Lima sektor tersebut menyerap 75% tenaga kerja. “Hampir semua sektor mengalami penurunan signifikan dari 2019 ke 2024,” tulis CORE Indonesia.

Sektor pertanian, pengolahan, serta jasa akomodasi dan makanan minuman yang sebelumnya menunjukkan pertumbuhan positif pada 2019 mengalami penurunan drastis, bahkan negatif pada 2024. Sektor perdagangan menunjukkan pertumbuhan yang lemah, sementara sektor konstruksi tumbuh hampir serupa seperti 2023.

Terjadinya Disinflasi

Pelemahan konsumsi juga telah berdampak terhadap fase disinflasi. CORE Indonesia memprediksi inflasi secara tahun akan berada pada kisaran angka 1,3%-1,5% pada 2024. Angka ini lebih rendah dibandingkan pada masa pandemi Covid-19 yang berada pada kisaran 1,7-1,8%.

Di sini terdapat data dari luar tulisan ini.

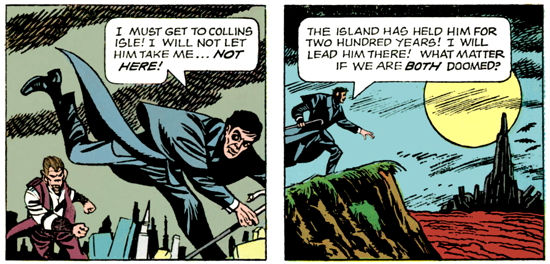 Anyway, the idea is to lure Starbuck back to Collins Isle, which is still right over there, within running distance from downtown Collinsport. “The island has held him for two hundred years!” Barnabas explains. “I will lead him there! What matter if we are both doomed?”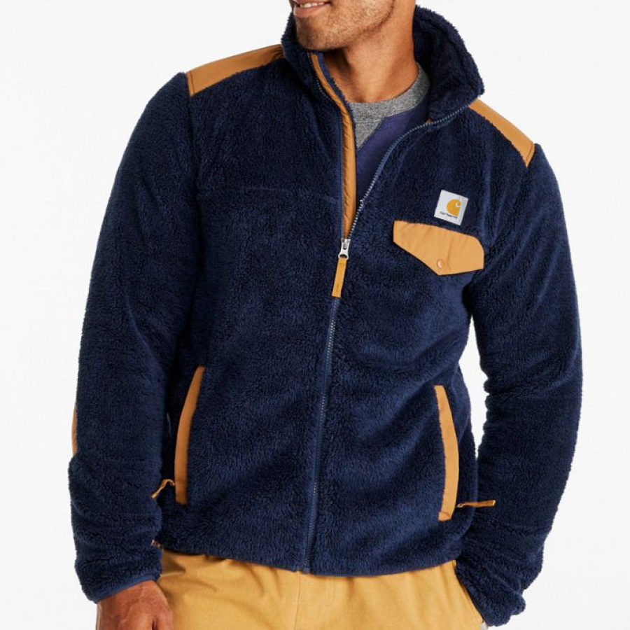 Giacca Da Uomo In Pile Con Zip Intera Caldo Pannello Colorblock Capispalla Da Esterno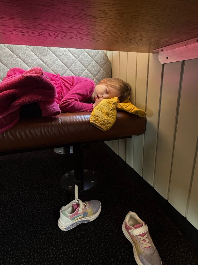 When she fell asleep on the bench of the boat without finishing the hot chocolate or eating the fruit we packed, we had a feeling we were dealing with more than just some car sickness.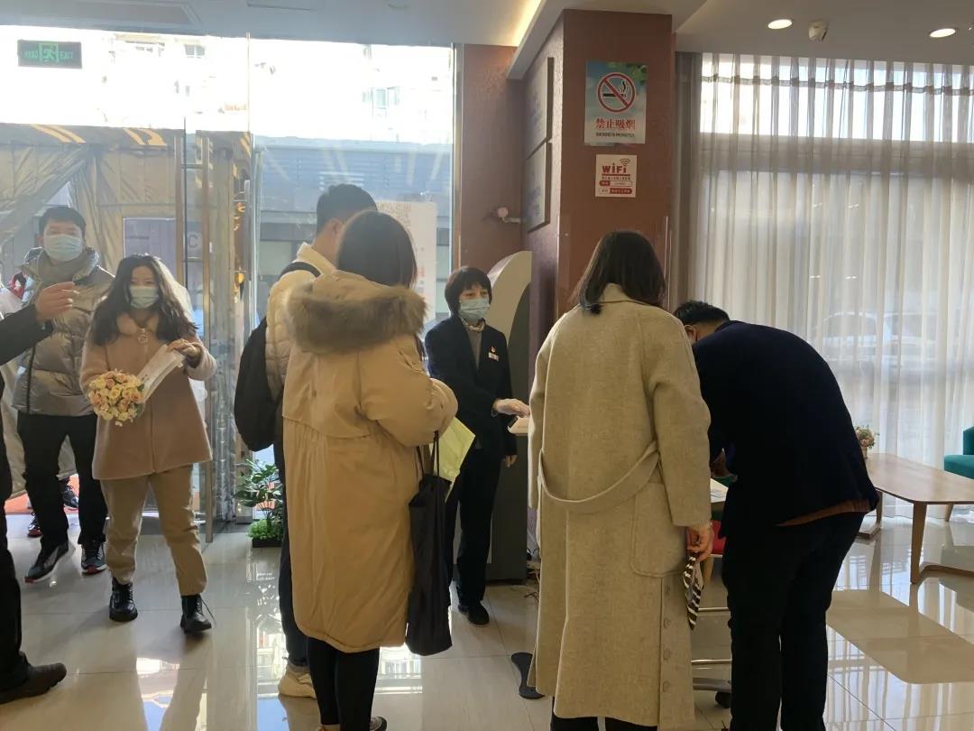 工作人員提醒準備登記結婚的新人們,前來辦理時需戴好口罩,進入室內主動配合測溫、出示“二碼”,做好防疫措施。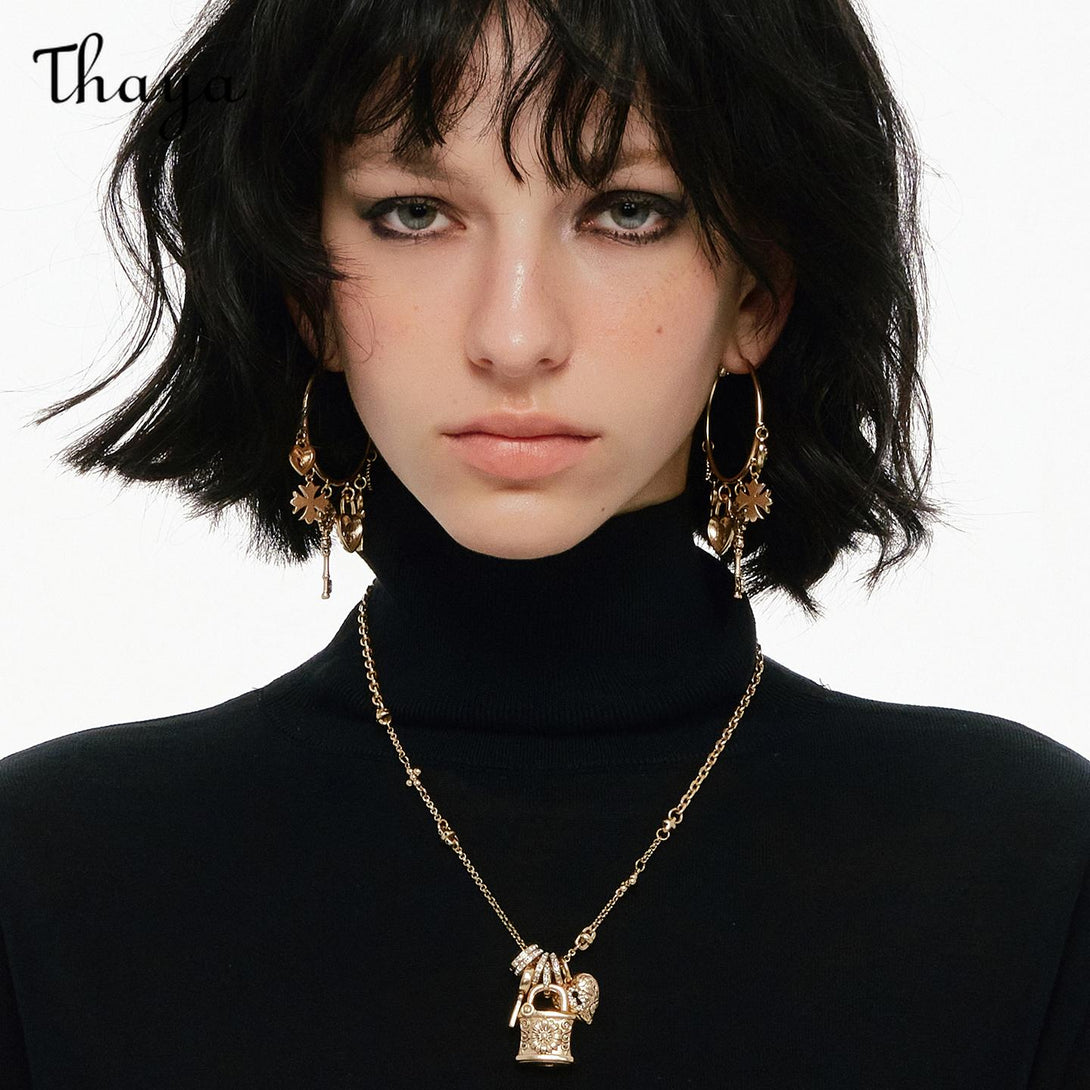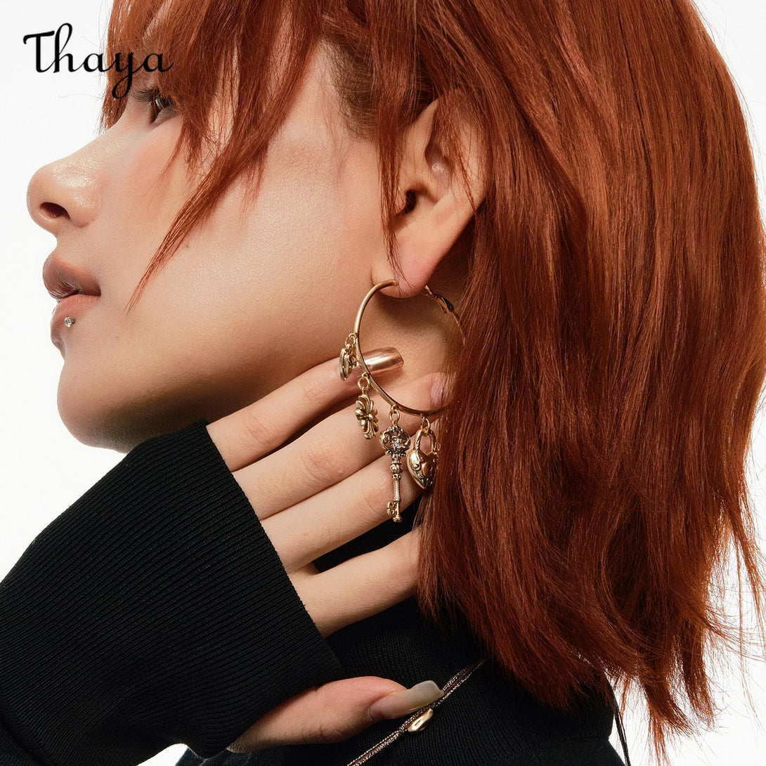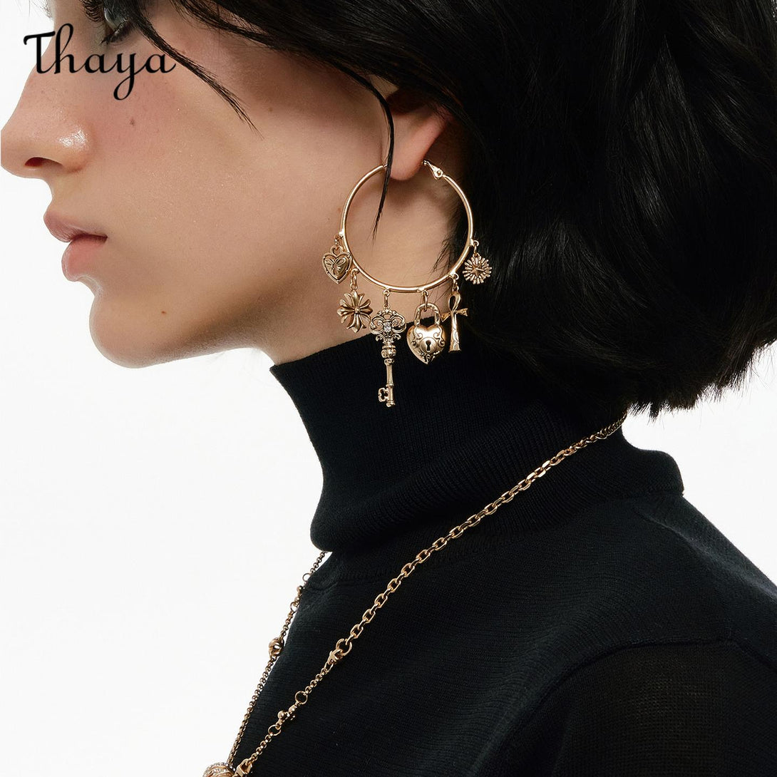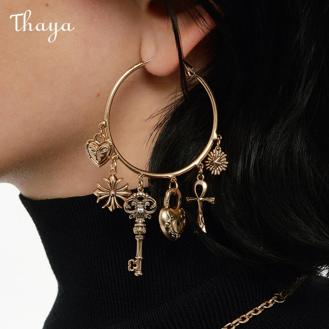 Thaya Love Lock Retro Distressed Key Hoop Earrings

“Fenomena disinflasi pada tahun ini disumbang oleh pelemahan daya beli,” tulis CORE Indonesia.

Hal itu dapat ditunjukkan oleh inflasi inti yang merupakan komponen selain bahan makanan dan energi yang bersifat fluktuatif. Inflasi inti pada Oktober 2024 sebesar 1,91% secara year to date atau jauh lebih rendah dibandingkan periode yang sama pada prapandemi yaitu 2,79%.

“Berbagai indikasi perlambatan konsumsi tersebut berpotensi berlanjut pada 2025 dan bahkan dapat menjadi lebih rendah dibandingkan dengan tahun ini,” tulis CORE Indonesia.

Beberapa faktor yang dapat menekan konsumsi pada 2024 seperti scarring effect pandemi yang masih terasa pada 2025, khususnya pada kelas menengah. Lalu kondisi pasar tenaga kerja yang didominasi sektor informal dan pertumbuhan pendapatan yang lambat, serta kebijakan-kebijakan ekonomi yang menekan kelas menengah.